TASK DESCRIPTION: Please transcribe exactly, and only, the lines of the data below between the line holding "Dieses elegante schwarz-goldene" and the line holding "Theo hãng al-Masirah", inclusive.

DATA EXTRACTS:
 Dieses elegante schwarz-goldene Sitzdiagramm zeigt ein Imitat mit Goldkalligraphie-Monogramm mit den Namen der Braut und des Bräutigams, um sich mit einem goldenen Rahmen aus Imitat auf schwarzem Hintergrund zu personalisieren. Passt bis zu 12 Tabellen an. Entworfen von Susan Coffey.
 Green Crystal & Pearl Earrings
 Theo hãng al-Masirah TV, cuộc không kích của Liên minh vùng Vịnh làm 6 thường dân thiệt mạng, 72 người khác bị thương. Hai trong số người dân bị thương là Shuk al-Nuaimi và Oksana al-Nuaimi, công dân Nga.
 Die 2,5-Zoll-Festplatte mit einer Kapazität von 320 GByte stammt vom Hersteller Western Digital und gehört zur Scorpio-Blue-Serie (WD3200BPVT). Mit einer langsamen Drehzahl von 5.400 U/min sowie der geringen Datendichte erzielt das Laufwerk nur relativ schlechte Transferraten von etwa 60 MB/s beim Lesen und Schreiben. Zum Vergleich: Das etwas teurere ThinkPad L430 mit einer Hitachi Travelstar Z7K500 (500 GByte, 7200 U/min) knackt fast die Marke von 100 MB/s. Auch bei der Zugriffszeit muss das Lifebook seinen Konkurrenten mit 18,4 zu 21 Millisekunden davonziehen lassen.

...

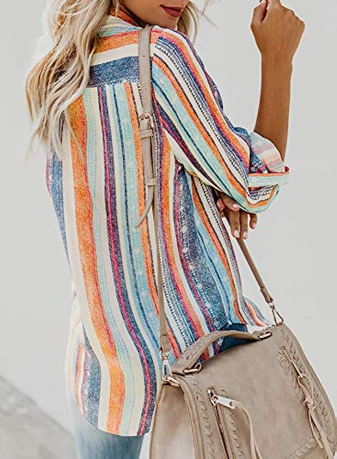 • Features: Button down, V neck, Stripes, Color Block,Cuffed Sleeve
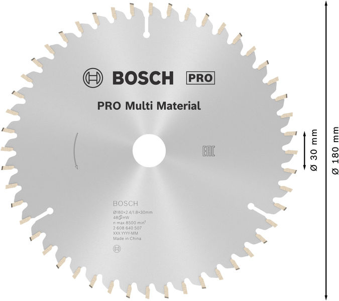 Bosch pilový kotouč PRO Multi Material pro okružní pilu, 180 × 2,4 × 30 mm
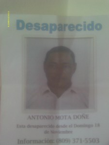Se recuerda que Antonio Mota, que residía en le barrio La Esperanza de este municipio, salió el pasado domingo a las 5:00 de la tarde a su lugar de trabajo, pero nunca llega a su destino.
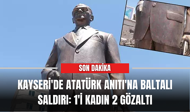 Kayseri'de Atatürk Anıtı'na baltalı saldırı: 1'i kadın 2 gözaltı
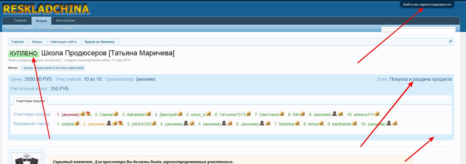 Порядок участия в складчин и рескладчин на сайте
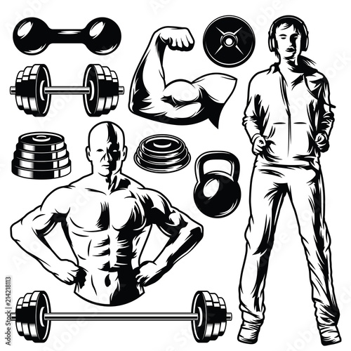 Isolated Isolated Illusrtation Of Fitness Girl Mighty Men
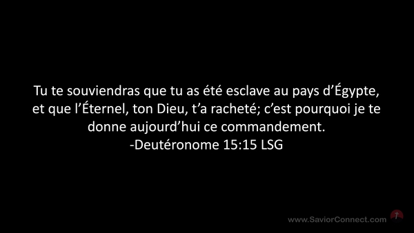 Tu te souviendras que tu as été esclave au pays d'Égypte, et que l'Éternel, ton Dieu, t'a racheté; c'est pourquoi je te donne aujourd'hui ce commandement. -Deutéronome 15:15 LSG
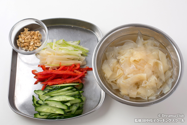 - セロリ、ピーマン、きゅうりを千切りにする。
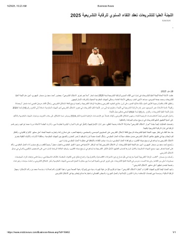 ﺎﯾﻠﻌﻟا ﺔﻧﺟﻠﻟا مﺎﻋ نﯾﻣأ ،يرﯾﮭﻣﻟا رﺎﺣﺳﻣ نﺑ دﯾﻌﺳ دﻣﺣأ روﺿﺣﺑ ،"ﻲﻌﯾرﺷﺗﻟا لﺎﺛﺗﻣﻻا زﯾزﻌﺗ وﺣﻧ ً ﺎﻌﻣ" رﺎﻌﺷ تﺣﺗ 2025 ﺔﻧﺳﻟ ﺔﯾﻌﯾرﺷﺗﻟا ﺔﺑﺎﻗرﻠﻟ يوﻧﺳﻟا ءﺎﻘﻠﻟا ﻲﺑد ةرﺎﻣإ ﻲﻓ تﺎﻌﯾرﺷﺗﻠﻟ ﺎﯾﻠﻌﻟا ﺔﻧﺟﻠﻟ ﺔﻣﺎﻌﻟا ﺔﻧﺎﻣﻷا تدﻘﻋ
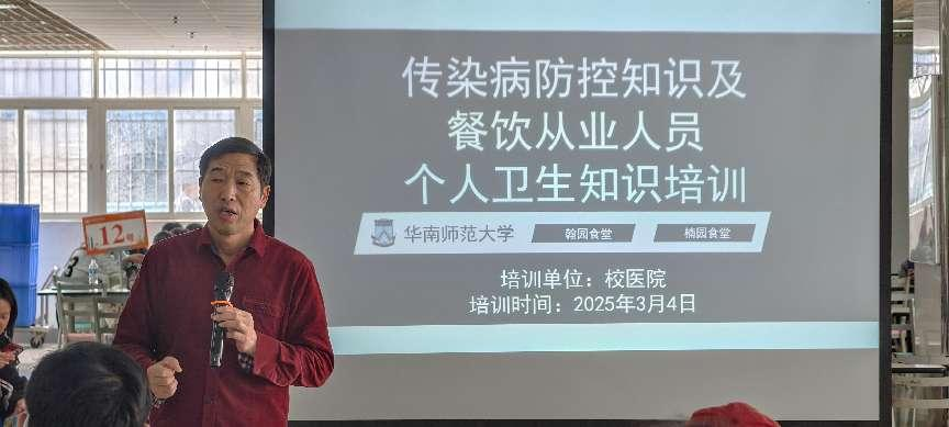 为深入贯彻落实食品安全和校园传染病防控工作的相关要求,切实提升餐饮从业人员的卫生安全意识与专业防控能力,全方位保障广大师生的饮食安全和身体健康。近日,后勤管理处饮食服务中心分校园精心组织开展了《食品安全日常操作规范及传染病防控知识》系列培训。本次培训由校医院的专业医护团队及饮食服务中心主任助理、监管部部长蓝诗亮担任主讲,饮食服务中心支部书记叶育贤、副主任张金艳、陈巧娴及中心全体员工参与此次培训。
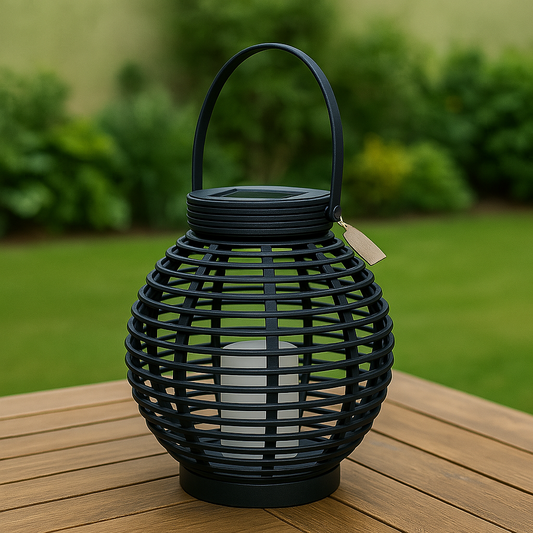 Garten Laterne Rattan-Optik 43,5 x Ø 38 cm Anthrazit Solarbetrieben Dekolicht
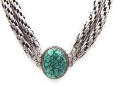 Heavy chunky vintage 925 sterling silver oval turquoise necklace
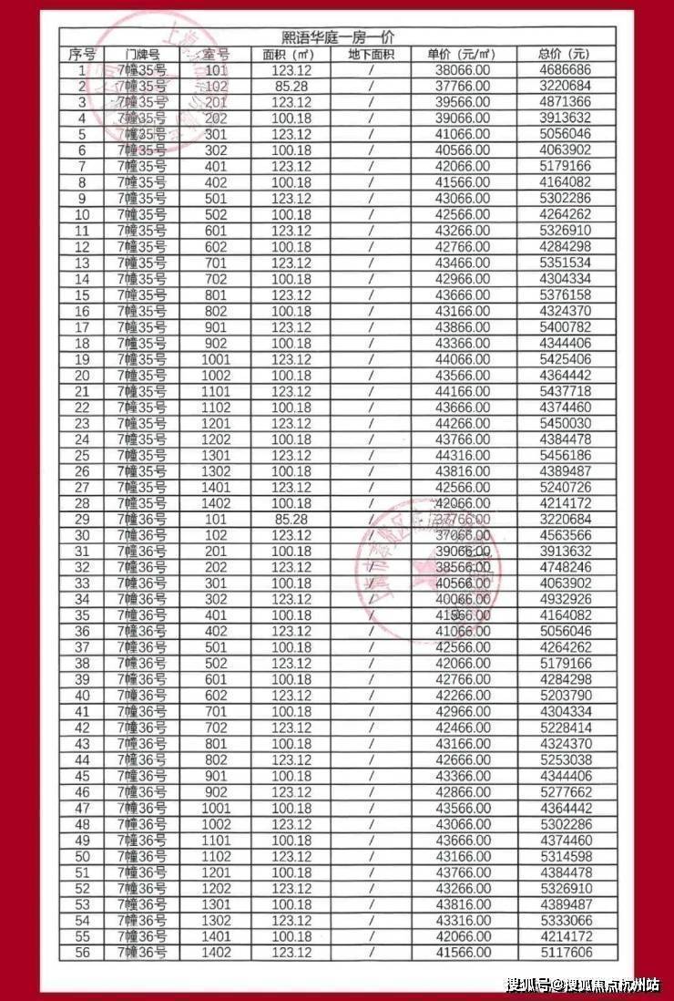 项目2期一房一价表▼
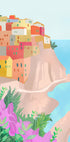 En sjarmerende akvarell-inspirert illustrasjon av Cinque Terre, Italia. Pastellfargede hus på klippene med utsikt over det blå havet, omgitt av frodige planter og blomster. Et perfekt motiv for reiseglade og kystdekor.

RESPONSE:
 Dieses elegante schwarz-goldene Sitzdiagramm zeigt ein Imitat mit Goldkalligraphie-Monogramm mit den Namen der Braut und des Bräutigams, um sich mit einem goldenen Rahmen aus Imitat auf schwarzem Hintergrund zu personalisieren. Passt bis zu 12 Tabellen an. Entworfen von Susan Coffey.
 Green Crystal & Pearl Earrings
 Theo hãng al-Masirah TV, cuộc không kích của Liên minh vùng Vịnh làm 6 thường dân thiệt mạng, 72 người khác bị thương. Hai trong số người dân bị thương là Shuk al-Nuaimi và Oksana al-Nuaimi, công dân Nga.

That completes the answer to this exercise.